**Task to carry out:** Exactly as written, retype the lines that run from the line holding "长乐坪中小学校长李龙说,感谢" through the end of the records below. Do not include pictures.

Stored entries:
══════════

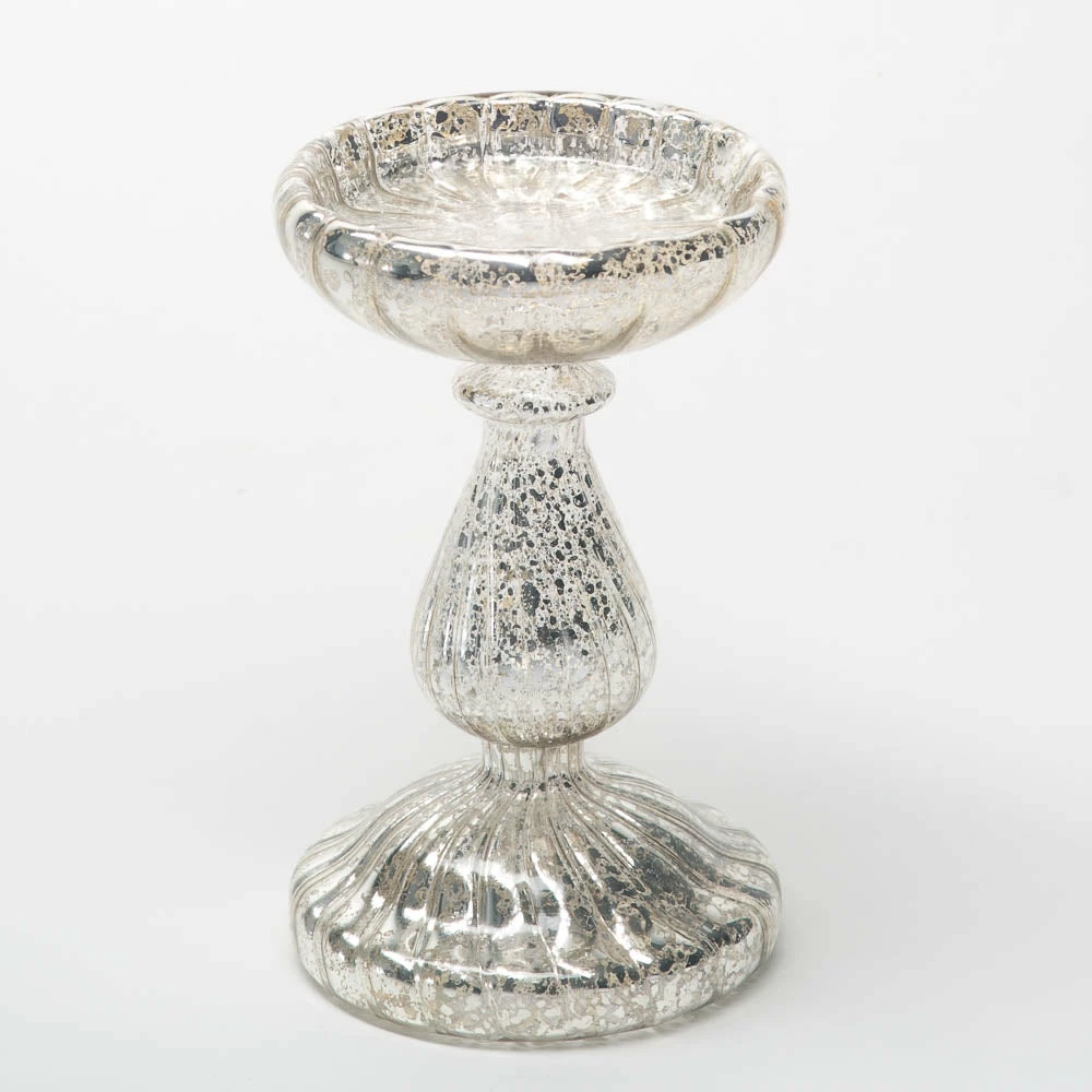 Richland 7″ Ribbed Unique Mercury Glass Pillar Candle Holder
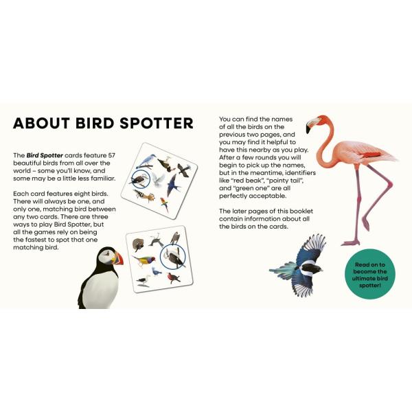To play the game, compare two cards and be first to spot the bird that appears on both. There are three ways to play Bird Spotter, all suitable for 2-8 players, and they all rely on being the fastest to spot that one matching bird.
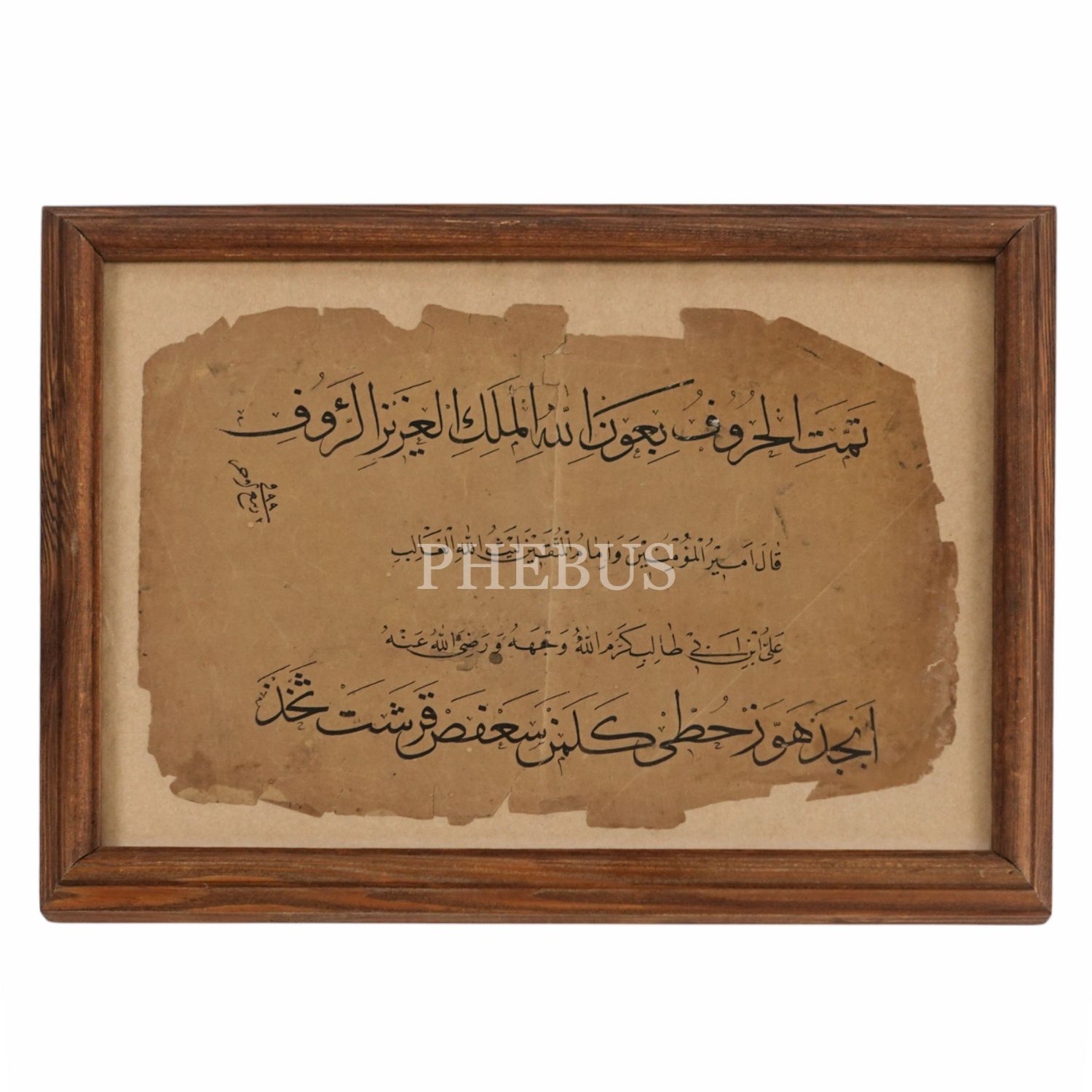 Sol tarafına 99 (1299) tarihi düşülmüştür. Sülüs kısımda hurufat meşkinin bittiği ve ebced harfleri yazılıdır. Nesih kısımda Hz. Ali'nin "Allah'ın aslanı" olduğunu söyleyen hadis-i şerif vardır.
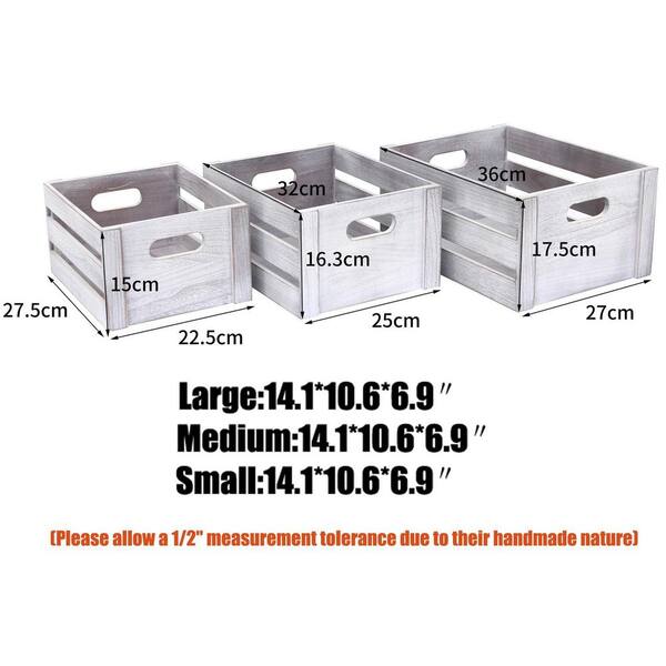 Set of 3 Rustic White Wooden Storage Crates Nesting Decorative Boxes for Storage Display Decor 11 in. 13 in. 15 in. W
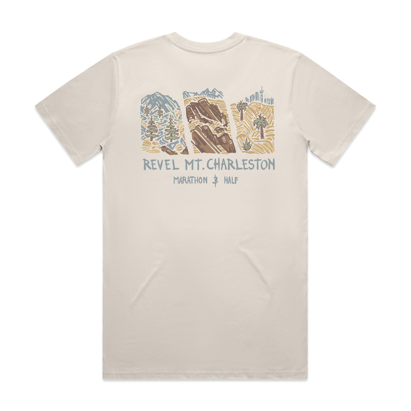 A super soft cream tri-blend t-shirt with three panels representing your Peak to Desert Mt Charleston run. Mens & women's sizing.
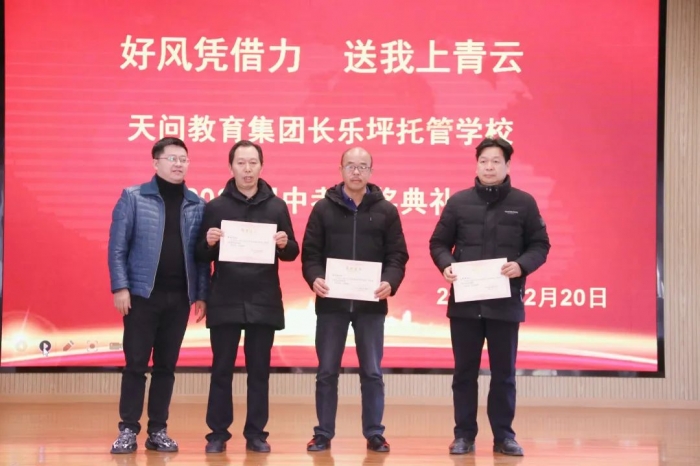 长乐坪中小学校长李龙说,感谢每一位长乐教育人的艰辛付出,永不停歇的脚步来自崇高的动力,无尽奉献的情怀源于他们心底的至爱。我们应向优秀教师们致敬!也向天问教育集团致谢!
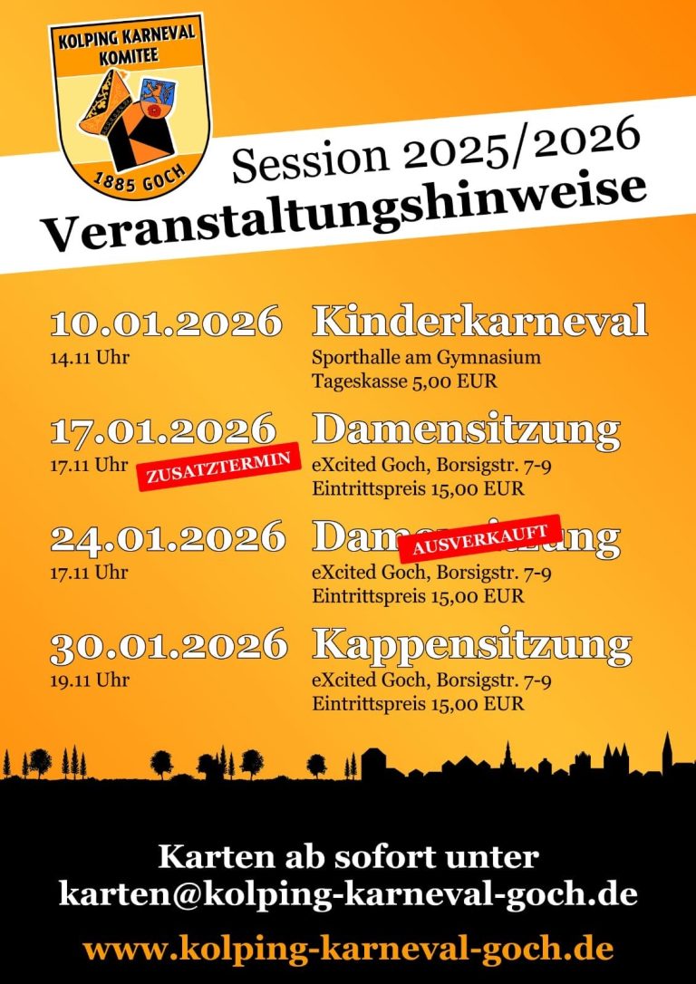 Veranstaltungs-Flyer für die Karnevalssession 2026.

══════════

**Task answer:**
 长乐坪中小学校长李龙说,感谢每一位长乐教育人的艰辛付出,永不停歇的脚步来自崇高的动力,无尽奉献的情怀源于他们心底的至爱。我们应向优秀教师们致敬!也向天问教育集团致谢!
 Veranstaltungs-Flyer für die Karnevalssession 2026.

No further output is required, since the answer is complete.